### Data
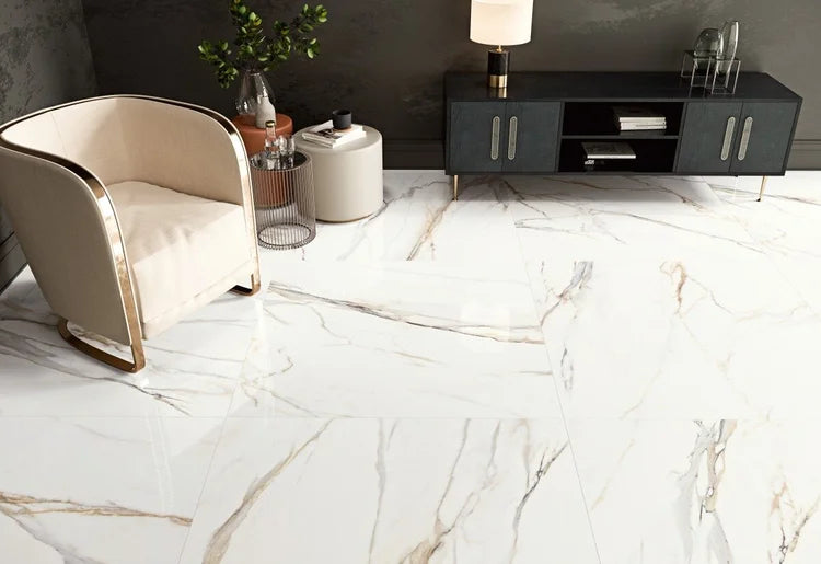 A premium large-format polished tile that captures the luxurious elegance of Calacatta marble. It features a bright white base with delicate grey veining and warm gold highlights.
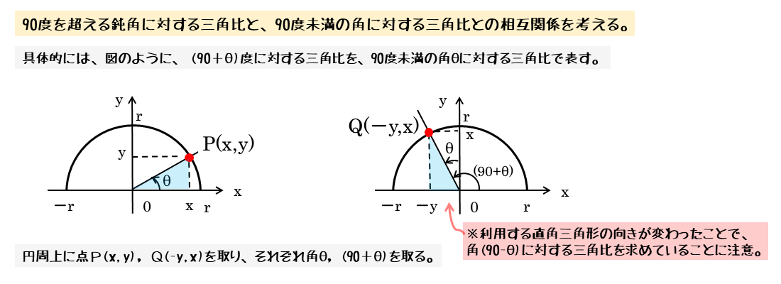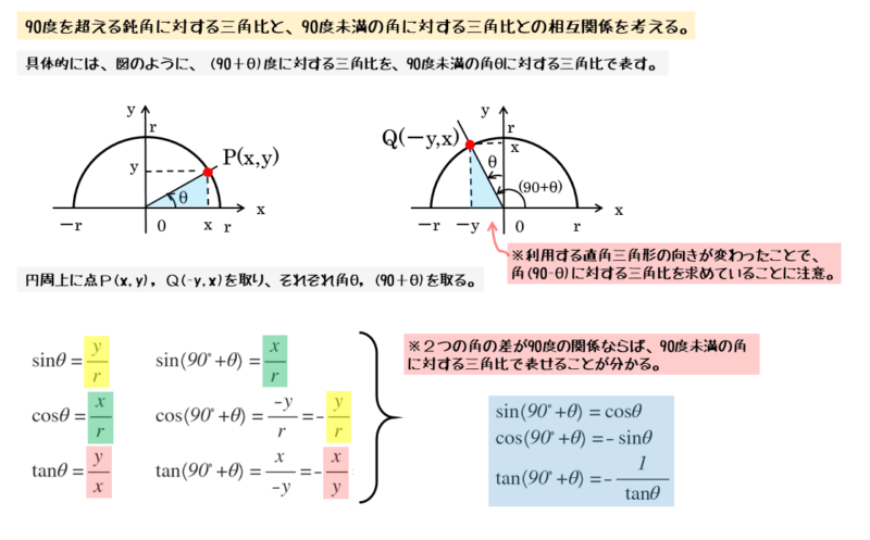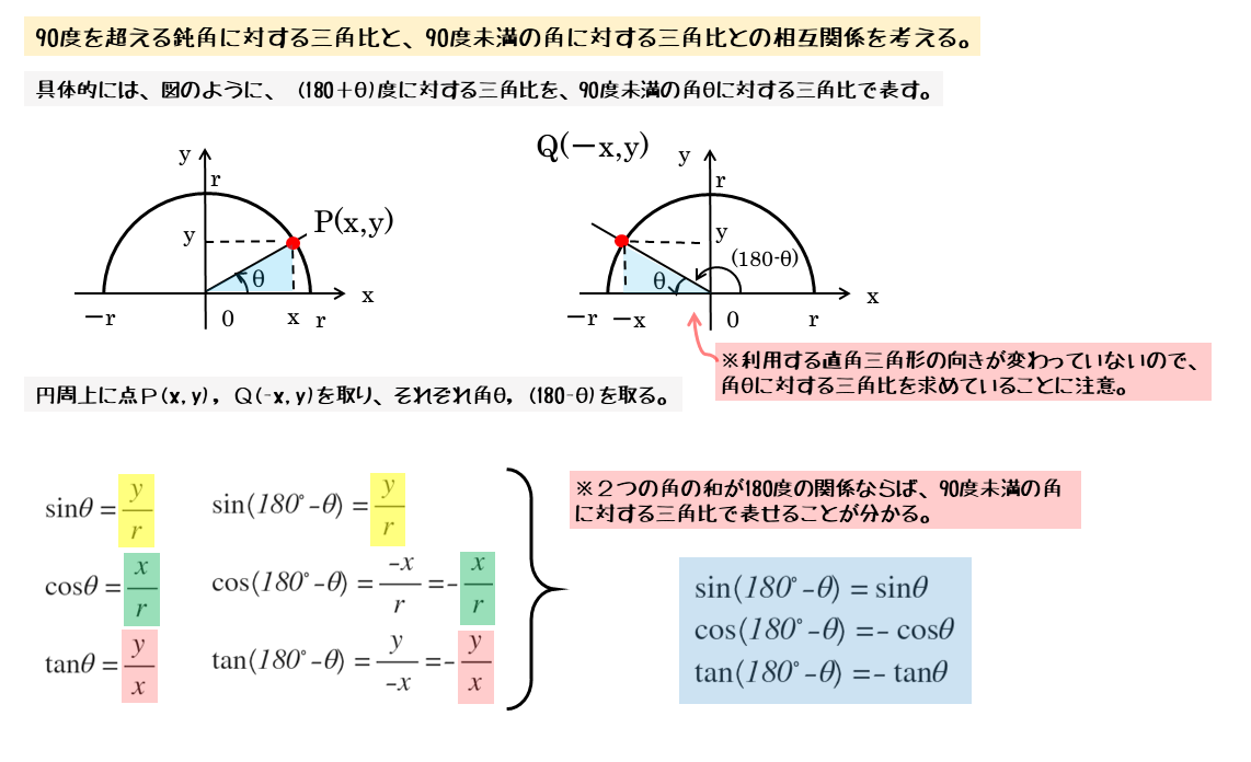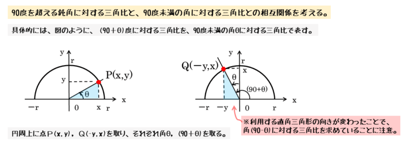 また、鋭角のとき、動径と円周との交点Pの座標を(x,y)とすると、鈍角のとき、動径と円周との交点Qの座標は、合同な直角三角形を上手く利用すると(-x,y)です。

* * *

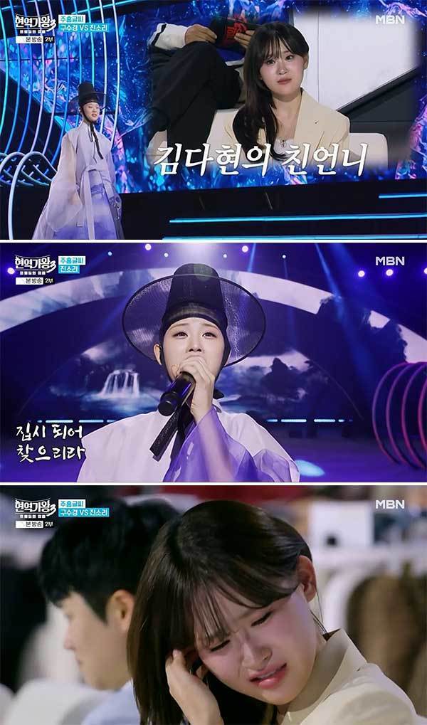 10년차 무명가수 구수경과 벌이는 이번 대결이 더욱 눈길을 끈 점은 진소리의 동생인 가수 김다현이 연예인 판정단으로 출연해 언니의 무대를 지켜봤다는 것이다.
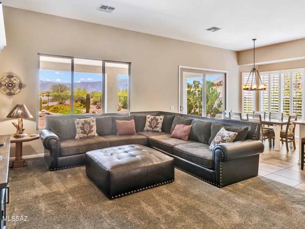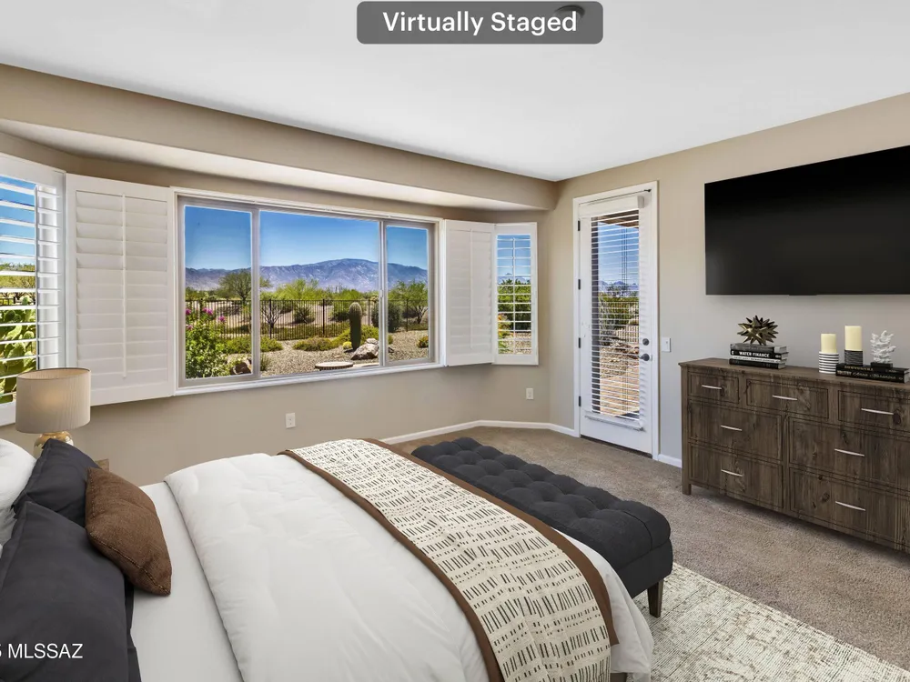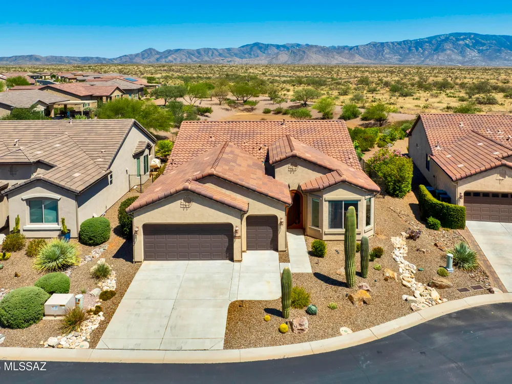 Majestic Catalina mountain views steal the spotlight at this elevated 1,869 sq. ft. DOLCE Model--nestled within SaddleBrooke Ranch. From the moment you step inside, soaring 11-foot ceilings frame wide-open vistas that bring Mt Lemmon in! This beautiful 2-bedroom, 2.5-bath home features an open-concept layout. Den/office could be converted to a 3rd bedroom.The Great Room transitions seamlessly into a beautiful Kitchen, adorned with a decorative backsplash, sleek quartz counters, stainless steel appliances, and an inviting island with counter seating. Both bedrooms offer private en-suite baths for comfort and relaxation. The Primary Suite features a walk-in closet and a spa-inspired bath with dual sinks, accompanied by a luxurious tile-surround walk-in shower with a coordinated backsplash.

...

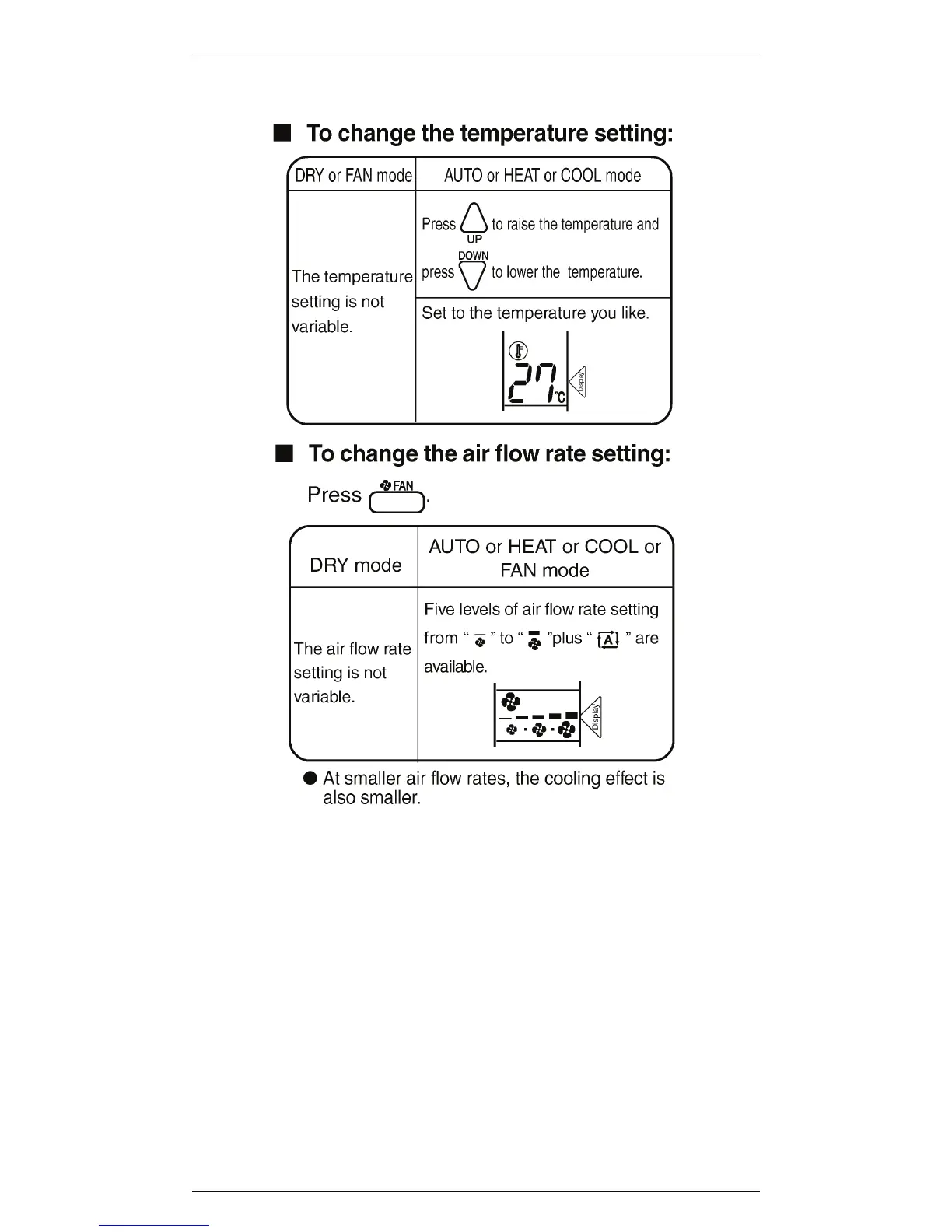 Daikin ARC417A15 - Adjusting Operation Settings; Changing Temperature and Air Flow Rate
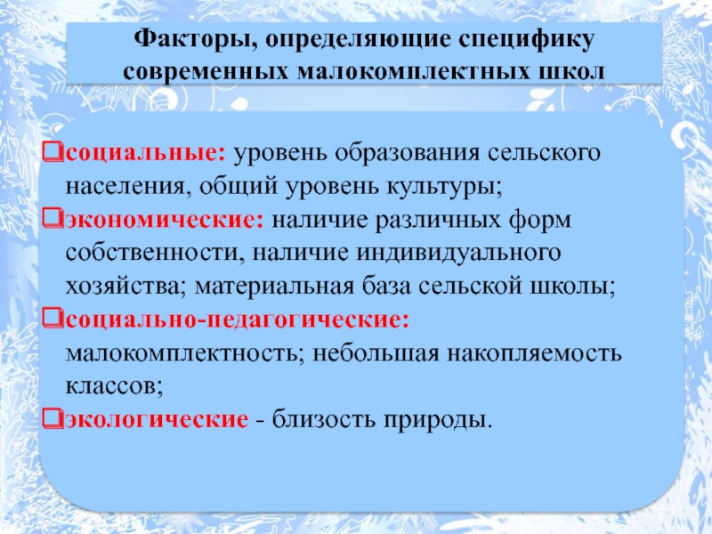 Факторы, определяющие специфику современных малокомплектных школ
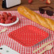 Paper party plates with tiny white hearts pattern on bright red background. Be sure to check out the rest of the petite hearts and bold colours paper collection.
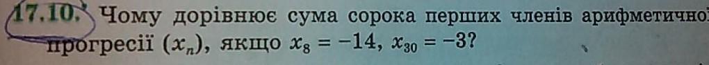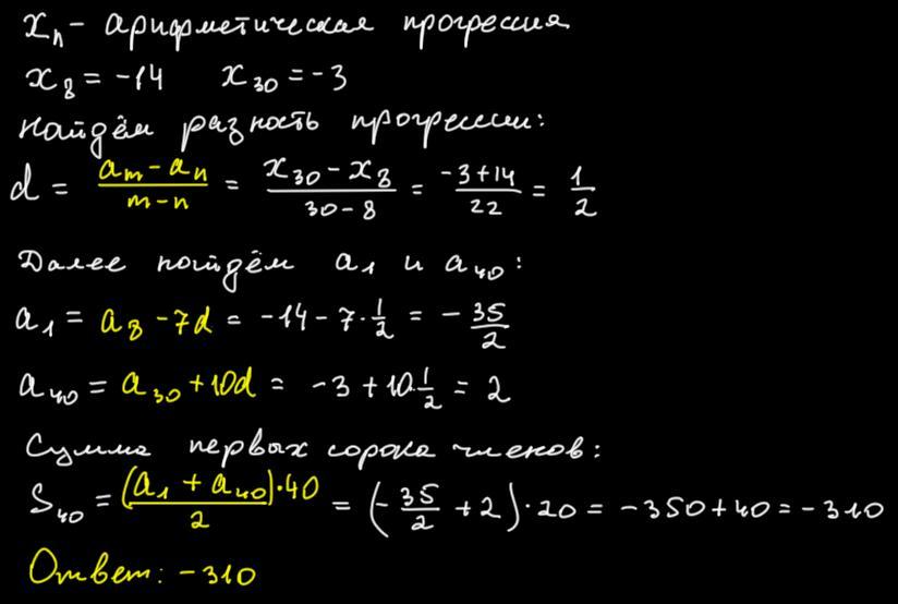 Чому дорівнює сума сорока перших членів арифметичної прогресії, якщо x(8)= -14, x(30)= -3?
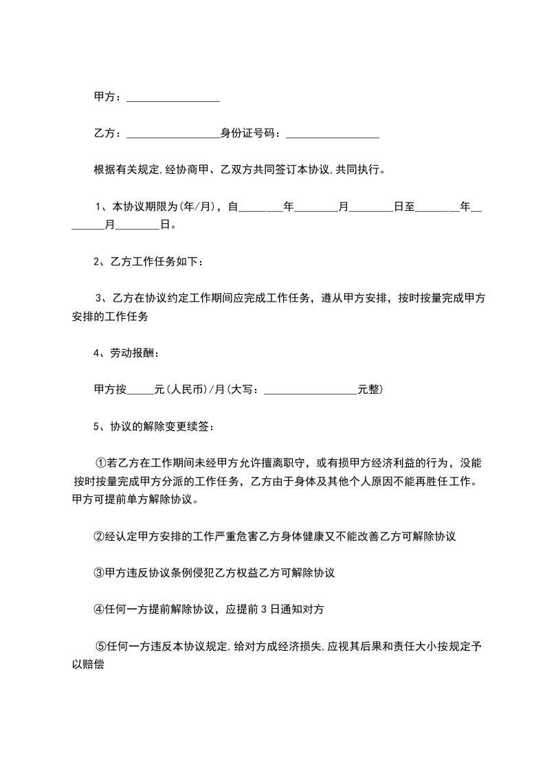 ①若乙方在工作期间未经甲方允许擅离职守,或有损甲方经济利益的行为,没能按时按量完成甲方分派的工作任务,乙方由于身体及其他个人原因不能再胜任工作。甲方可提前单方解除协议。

### Task to complete
Return word for word the lines of the listing above, starting at the line with "Daikin ARC417A15 - Adjusting" and ending at the line with "Факторы, определяющие специфику", both included. Pictures do not belong in the copy.

### Response
 Daikin ARC417A15 - Adjusting Operation Settings; Changing Temperature and Air Flow Rate
 Факторы, определяющие специфику современных малокомплектных школ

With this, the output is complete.